MWIR LASER-BASED BREATH SENSOR FOR ASTHMA GRADING

用于哮喘分级的 MWIR 激光呼吸传感器

• 批准号: 6073854
• 负责人: DAVID I. ROSEN
• 金额: $ 10.64万
• 依托单位: PHYSICAL SCIENCES, INC
• 依托单位国家: 美国
• 财政年份: 2000
• 资助国家: 美国
• 起止时间: 2000-09-10 至 2001-09-09
• 项目状态: 已结题
• 来源: https://reporter.nih.gov/project-details/6073854
• 关键词: asthma; bioengineering /biomedical engineering; biomedical equipment development; breath composition; infrared radiation; laser spectrometry; lasers; nitric oxide; respiratory gas analyzer; respiratory gas level

Recent studies have shown that the mixed expired air from asthmatics contains elevated levels of nitric oxide (NO) compared to that recovered from nonasthmatic individuals. These and other observations have led to the hypothesis that NO produced enzymatically by the airway may serve as an indicator of the inflammatory microenvironment of the airway.

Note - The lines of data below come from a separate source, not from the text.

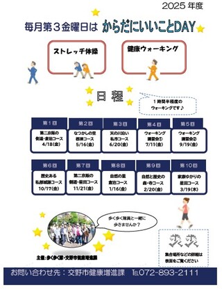 正しいウォーキングフォームや交野市内のおすすめコースを紹介しています。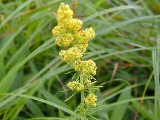 7〜8月咲き すこし高い山の縁などや草原に生 える 茎は四角形でこまかい毛がある 黄色の花は個性がある 葉は松葉に似て細長く、8枚程度 輪状にでる 草丈60cmまで 花の白いものが河原松葉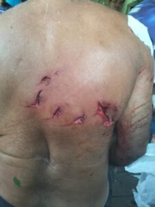 Imagens divulgadas mostram o idoso com ferimentos significativos no braço esquerdo, além de marcas profundas nas costas, provocadas pela mordida do animal. O ataque teria sido rápido e deixou moradores assustados, já que situações desse tipo não são frequentes, mas podem ocorrer principalmente em áreas ribeirinhas.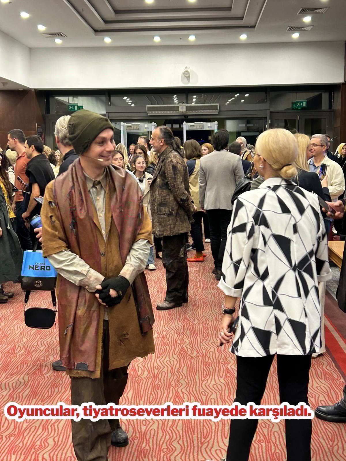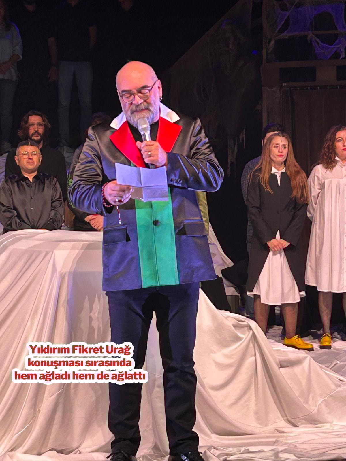 Oyunun ardından sahneye Filistin bayrağının renklerinden oluşan bir takım elbiseyle çıkan yönetmen Yıldırım Fikret Urağ, Gazze’deki soykırıma dikkat çekti. Konuşma sırasında gözyaşlarına hakim olamayan Urağ, oyuncuları ve seyirciyi de ağlattı.
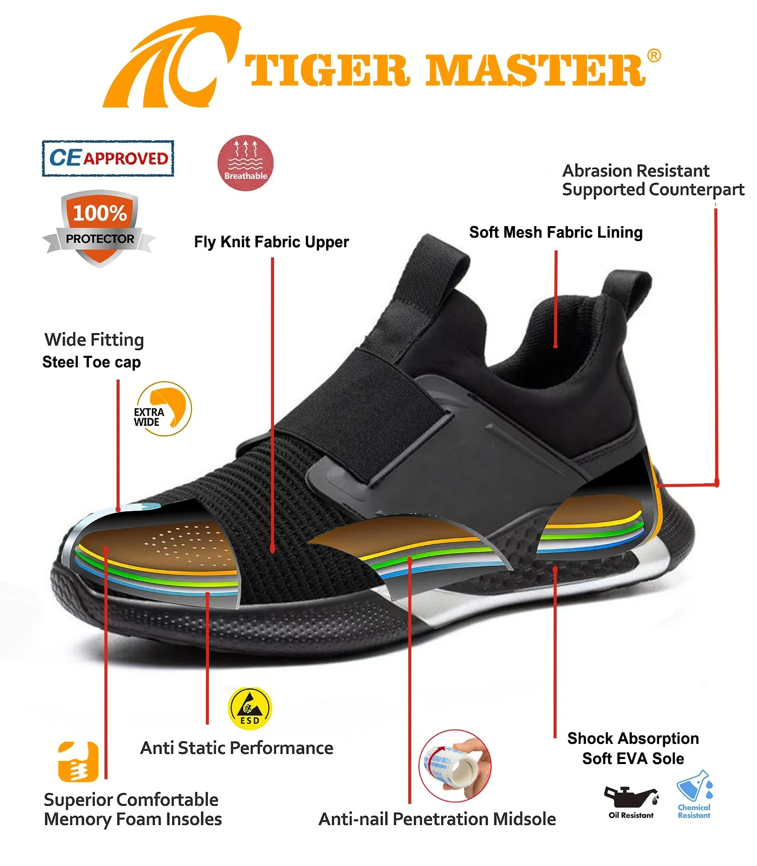 1. Get the job done right in the tiger master safety shoes. These lace-up safety shoes are moisture-wicking lining to help keep your feet dry and a slip resistant PU sole for excellent stability.

To better answer this question, a new type of exhaled breath analyzer is needed. Currently available NO analyzers cannot adequately resolve the temporal profile of NO concentration vs expired volume over the course of a single expiration. Physical Sciences Inc. (PSI) proposes to develop and demonstrate a tunable MWIR laser sensor for the rapid, non-invasive measurement of NO and other selected breath species in human breath. The laser source will be built around a type of room-temperature, tunable MWIR semiconductor lasers. In Phase I we will combine the new source with existing ultrasensitive detection technology to demonstrate high speed, in situ measurements of ppb levels of NO in human breath. We will also show the feasibility of incorporating simultaneous dynamic measurements of breath CO2. The goal is to develop an instrument that can yield such measurements at equal to or greater than 10 Hz sampling rates in sample volumes equal to or less than 25 ml. In Phase II, a prototype instrument will be delivered to a leading asthma research group for clinical studies. The study objective will be to non- invasively determine the extent to which the increased NO levels observed in samples of mixed expired air of patients with asthma are due to increased NO in the deadspace fraction versus alveolar fraction of the lung. If the level of NO in the deadspace fraction can be shown to correlate with asthma status, then the basis for an unambiguous, "non-invasive" method of measuring airway inflammation will be established. PROPOSED COMMERCIAL APPLICATIONS: A "non-invasive" and unambiguous method for measuring airway inflammation would be of great value in asthma clinics all over the country. The proposed sensor is also likely to prove useful for assessments of oxidative stress in human subjects.

最近的研究表明，与非哮喘患者呼出的混合气体相比，哮喘患者呼出的混合气体中一氧化氮 (NO) 的含量较高。这些和其他观察结果得出这样的假设：气道酶促产生的 NO 可以作为气道炎症微环境的指标。为了更好地回答这个问题，需要一种新型的呼气分析仪。目前可用的 NO 分析仪无法充分解析单次呼气过程中 NO 浓度与呼气量的时间关系。 Physical Sciences Inc. (PSI) 提议开发并演示一种可调谐 MWIR 激光传感器，用于快速、非侵入性地测量人类呼吸中的一氧化氮和其他选定的呼吸物质。该激光源将围绕一种室温可调谐中波红外半导体激光器构建。在第一阶段，我们将把新源与现有的超灵敏检测技术结合起来，展示对人类呼吸中 ppb 级 NO 的高速原位测量。我们还将展示同时动态测量呼吸二氧化碳的可行性。我们的目标是开发一种仪器，能够以等于或大于 10 Hz 的采样率、在等于或小于 25 ml 的样本量中进行此类测量。在第二阶段，原型仪器将交付给领先的哮喘研究小组进行临床研究。该研究的目的是非侵入性地确定哮喘患者混合呼出气体样本中观察到的 NO 水平增加在多大程度上是由于死腔部分与肺泡部分中 NO 的增加所致。如果可以证明死腔部分中的 NO 水平与哮喘状态相关，那么将建立测量气道炎症的明确的“非侵入性”方法的基础。拟议的商业应用：一种测量气道炎症的“非侵入性”且明确的方法对于全国各地的哮喘诊所具有重要价值。所提出的传感器也可能被证明可用于评估人类受试者的氧化应激。